Even in cases like these, where vision processing is split between the wearable device and other devices, the computer vision algorithms running on the wearable device require significant computation. Feature detection and matching typically uses algorithms like SURF (Speeded Up Robust Features) or SIFT (the Scale-Invariant Feature Transform), which are notably challenging to execute in real time with conventional processor architectures.

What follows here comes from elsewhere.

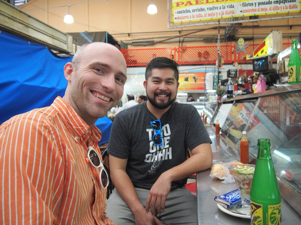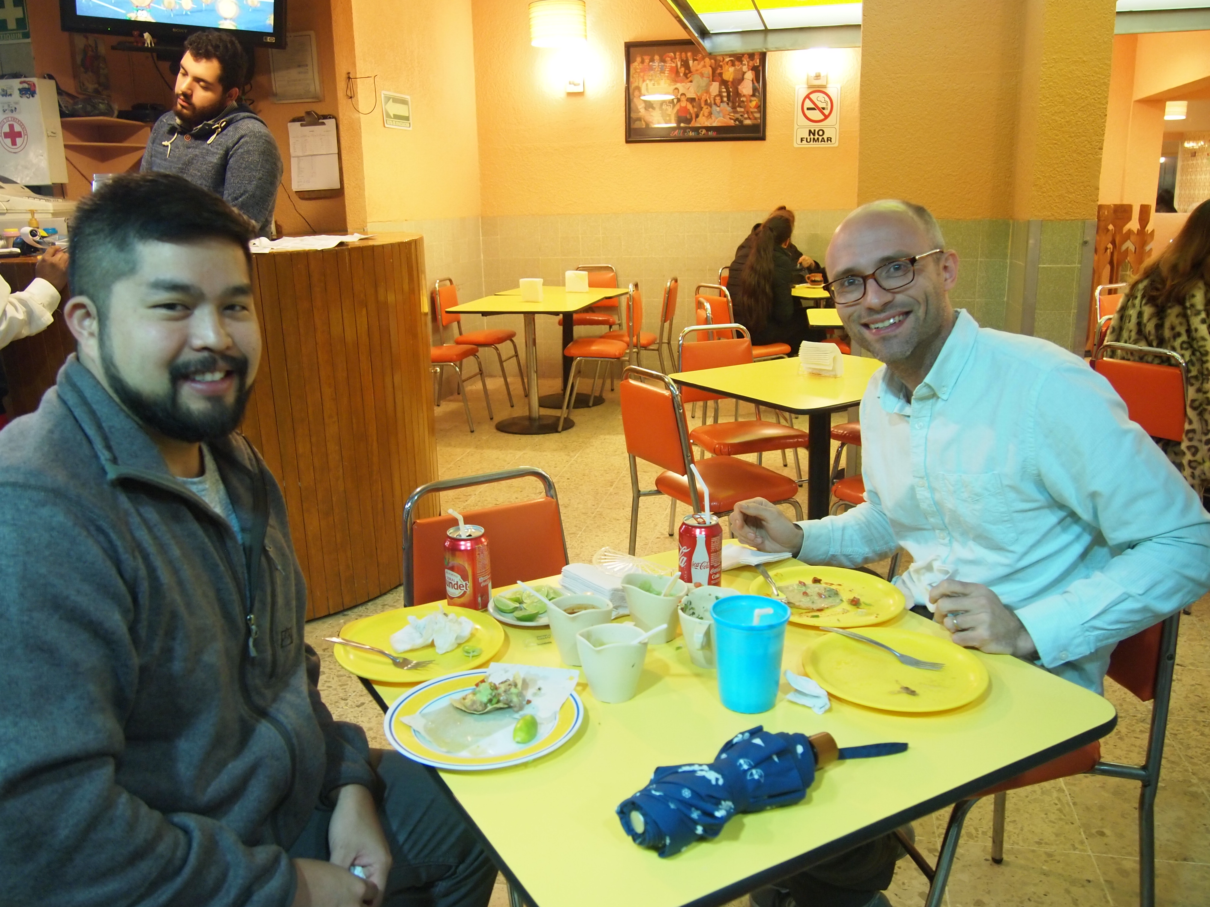 If you can believe it, we actually went directly from the market to Los Parados for al pastor tacos, Mexico City’s specialty. It was everything you want in an al pastor place – walk up, the trompo (vertical spit shaped like a spinning top) glistening with delicious meat and a pineapple topper, cheap. Don’t ask me how many Tim ate.

While some feature matching algorithms such BRIEF (Binary Robust Independent Elementary Features) combined with a lightweight feature detector are providing lighter processing loads with reliable matching, a significant challenge still exists in delivering real-time performance at the required power consumption levels. Disparity mapping for stereo matching to produce a 3D depth map is also compute-intensive, particularly when high quality results are needed. Therefore, the vision processing requirements of various wearable applications will continue to stimulate demand for optimized vision processor architectures.

Industry assistance
The opportunity for vision technology to expand the capabilities of wearable devices is part of a much larger trend. From consumer electronics to automotive safety systems, vision technology is enabling a wide range of products that are more intelligent and responsive than before, and thus more valuable to users. The Embedded Vision Alliance uses the term ‘embedded vision’ to refer to this growing use of practical computer vision technology in embedded systems, mobile devices, special-purpose PCs, and the cloud, with wearable devices being one showcase application.

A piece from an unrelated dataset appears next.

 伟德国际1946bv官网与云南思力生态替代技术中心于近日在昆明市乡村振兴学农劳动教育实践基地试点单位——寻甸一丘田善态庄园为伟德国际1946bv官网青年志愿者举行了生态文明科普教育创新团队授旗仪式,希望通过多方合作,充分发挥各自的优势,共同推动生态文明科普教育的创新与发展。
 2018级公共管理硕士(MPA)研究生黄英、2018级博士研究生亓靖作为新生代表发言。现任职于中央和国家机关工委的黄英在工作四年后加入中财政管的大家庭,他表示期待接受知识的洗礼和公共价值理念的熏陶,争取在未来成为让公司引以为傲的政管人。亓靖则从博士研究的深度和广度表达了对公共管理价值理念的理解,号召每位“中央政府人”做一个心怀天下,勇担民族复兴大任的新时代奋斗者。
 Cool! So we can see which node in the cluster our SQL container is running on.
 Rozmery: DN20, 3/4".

Vision processing can add valuable capabilities to existing products, such as the vision-enhanced wearables discussed in this article. And it can provide significant new markets for hardware, software, and semiconductor suppliers. The Embedded Vision Alliance, a worldwide organization of technology developers and providers, is working to empower product creators to transform this potential into reality. CEVA, CogniVue, and SoftKinetic, the co-authors of this article, are members of the Embedded Vision Alliance.

Brian Dipert is Editor-In-Chief of the Embedded Vision Alliance. He is also a Senior Analyst at BDTI (Berkeley Design Technology, Inc.), which provides analysis, advice, and engineering for embedded processing technology and applications, and Editor-In-Chief of InsideDSP, the company's online newsletter dedicated to digital signal processing technology. Brian has a B.S. degree in Electrical Engineering from Purdue University in West Lafayette, IN. His professional career began at Magnavox Electronics Systems in Fort Wayne, IN; Brian subsequently spent eight years at Intel Corporation in Folsom, CA. He then spent 14 years at EDN Magazine.

Ron Shalom is the Marketing Manager for Multimedia Applications at CEVA DSP. He holds an MBA from Tel Aviv University's Recanati Business School. Ron has over 15 years of experience in the embedded world; 9 years in software development and R&D management roles, and 6 years as a marketing manager. He has worked at CEVA for 10 years; 4 years as a team leader in software codecs, and 6 years as a product marketing manager.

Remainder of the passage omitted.